Page MenuHomeMiraheze

Automatically generate Sitemaps
Closed, ResolvedPublic

Description

Sitemaps are used in the field of SEO for telling search engines what's available on a site. While there are extensions that generate sitemaps automatically, they are not that great (T1558). What I'd like to see is a script that automatically generates sitemaps for public wikis using generateSitemap.php. These wouldn't have to be updated that often, but maybe once a week/two weeks/month, depending on how long it takes.

If possible, it would be best to add the sitemaps to each wiki's respective robots.txt file, as:

Sitemap: http://example.com/sitemap_location.xml

I'm not sure what the process to do that would be, as it's currently a static file. Puppet templates? Do I need to write a PHP script to serve it? Without this, wikis would have to manually submit sitemaps with webmaster tools, which is less than awesome.

Details

Commits
Unknown Object (Diffusion Commit)
Unknown Object (Diffusion Commit)

Event Timeline

labster created this task.May 8 2017, 07:39
John added a subscriber: John.May 8 2017, 08:30

It would have to be a php script.

Things to overcome;
a) all static files are shared
b) limited space
c) there's one robots.txt for all wikis.

John triaged this task as Normal priority.May 12 2017, 15:48
Reception123 mentioned this in Unknown Object (Diffusion Commit).Jul 14 2017, 08:43
John added a comment.Jun 28 2018, 18:55

With swift we lose our static data point so this task has potentially gotten more complicated.

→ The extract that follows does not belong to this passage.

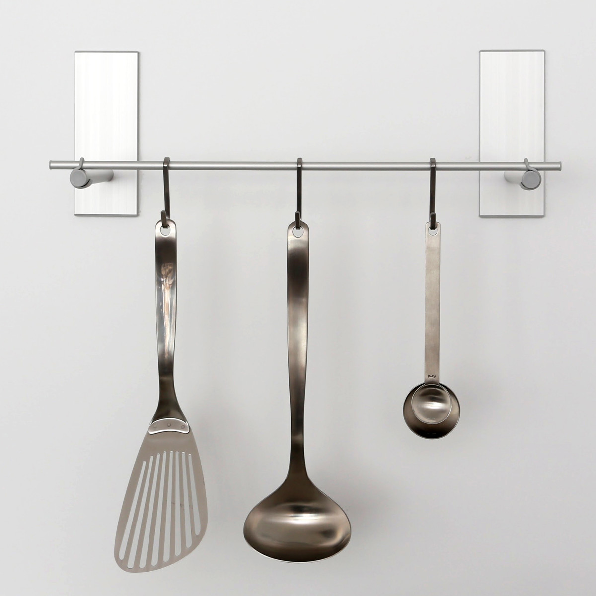 強力マグネットで総荷重1.5kgまで吊るせます。お玉やフライパンなどのよく使うキッチンツールを引っ掛けて収納でき、必要なときにサッと手にとれるので便利です。

John lowered the priority of this task from Normal to Low.Jun 28 2018, 18:55
Paladox added a subscriber: Paladox.Aug 3 2018, 02:24

We have moved to lizardfs from swift.

Paladox raised the priority of this task from Low to Normal.Sep 15 2018, 15:43
Paladox lowered the priority of this task from Normal to Low.Sep 20 2018, 22:05
eldrago added a subscriber: eldrago.Oct 13 2018, 21:04
John assigned this task to Paladox.Nov 16 2018, 18:27
John moved this task from Backlog to Operations on the Goal-2018-Jul-Dec board.
Paladox raised the priority of this task from Low to Normal.Nov 16 2018, 18:28
Paladox added a commit: Unknown Object (Diffusion Commit).Nov 16 2018, 20:48
Paladox added a comment.Nov 16 2018, 22:13

The infrastructure now supports sitemaps (see https://meta.miraheze.org/sitemap !)

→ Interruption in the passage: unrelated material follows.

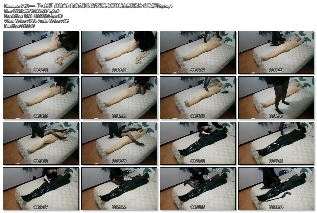 【气味系】丝袜全包和真空乳胶睡袋紧缚 臭黑丝折磨无限 ...
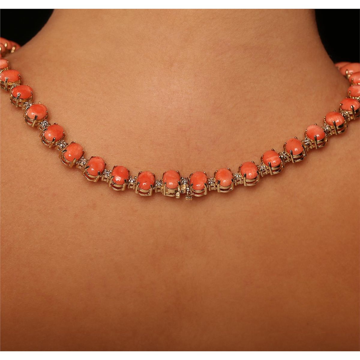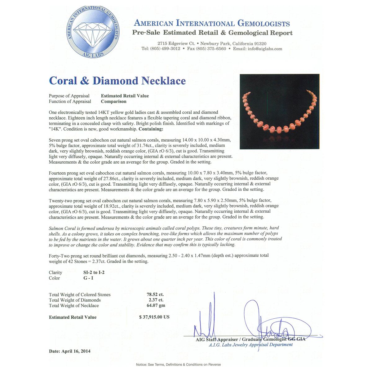 One electronically tested 14KT yellow gold ladies cast & assembled coral and diamond necklace. Condition is new, good workmanship. Eighteen inch length necklace features a flexible tapering coral and diamond ribbon, terminating in a concealed clasp with safety. Bright polish finish. Identified with markings of ""14K"". Containing: Seven prong set oval cabochon cut natural salmon corals, measuring 14.00 x 10.00 x 4.30mm, 5% bulge factor, approximate total weight of 31.74ct., clarity is severely included, medium dark, very slightly brownish, reddish orange color, (GIA rO 6/3), cut is good. Transmitting light very diffusely, opaque. Naturally occurring internal & external characteristics are present. Measurements & the color grade are an average for the group. Graded in the setting. Fourteen prong set oval cabochon cut natural salmon corals, measuring 10.00 x 7.80 x 3.40mm, 5% bulge factor, approximate total weight of 27.86ct., clarity is severely included, medium dark, very slightly brownish, reddish orange color, (GIA rO 6/3), cut is good. Transmitting light very diffusely, opaque. Naturally occurring internal & external characteristics are present. Measurements & the color grade are an average for the group. Graded in the setting. Twenty-two prong set oval cabochon cut natural salmon corals, measuring 7.80 x 5.90 x 2.50mm, 5% bulge factor, approximate total weight of 18.92ct., clarity is severely included, medium dark, very slightly brownish, reddish orange color, (GIA rO 6/3), cut is good. Transmitting light very diffusely, opaque. Naturally occurring internal & external characteristics are present. Measurements & the color grade are an average for the group. Graded in the setting. Salmon Coral is formed undersea by microscopic animals called coral polyps. These tiny, creatures form minute, hard shells. As a colony grows, it takes on complex branching, tree-like forms which allows the maximum number of polyps to be fed by the nutrients in the water. It grows about one quarter inch per year. This color of coral is commonly treated to improve or change the color and stability. Evidence that may confirm this is typically lacking. Forty-Two prong set round brilliant cut diamonds, measuring 2.50 - 2.40 x 1.47mm (depth est.) approximate total weight of 42 Stones = 2.37ct. Graded in the setting. Clarity SI-2 to I-2 Color G - I Total Weight of Colored Stones 78.52 ct. Total Weight of Diamonds 2.37 ct. Total Weight of Necklace 64.07 grams AIG Appraised at $37,915.00.

We just need to create a script that runs generateSitemap.php like "php maintenance/generateSitemap.php --fspath=/mnt/mediawiki-static/sitemaps/meta.miraheze.org --identifier=metawiki --urlpath=https://meta.miraheze.org/ --server=https://meta.miraheze.org --compress=yes --wiki=metawiki"

So im thinking something like

"php maintenance/generateSitemap.php --fspath=/mnt/mediawiki-static/sitemaps/"$wgServer" --identifier="$wgDBname" --urlpath="https://$wgServer/" --server="https://$wgServer" --compress=yes --wiki="$wgDBname""

Paladox added a comment.Dec 2 2018, 02:10

I've started /usr/bin/nice -19 /usr/local/bin/foreachwikiindblist /srv/mediawiki/dblist/all.dblist /srv/mediawiki/w/extensions/MirahezeMagic/maintenance/generateMirahezeSitemap.php

Paladox added a comment.Dec 2 2018, 02:41

Turns out storage is not a problem.

It's only 37MB for all wikis.

Paladox closed this task as Resolved by committing Unknown Object (Diffusion Commit).Dec 2 2018, 02:44
Paladox added a commit: Unknown Object (Diffusion Commit).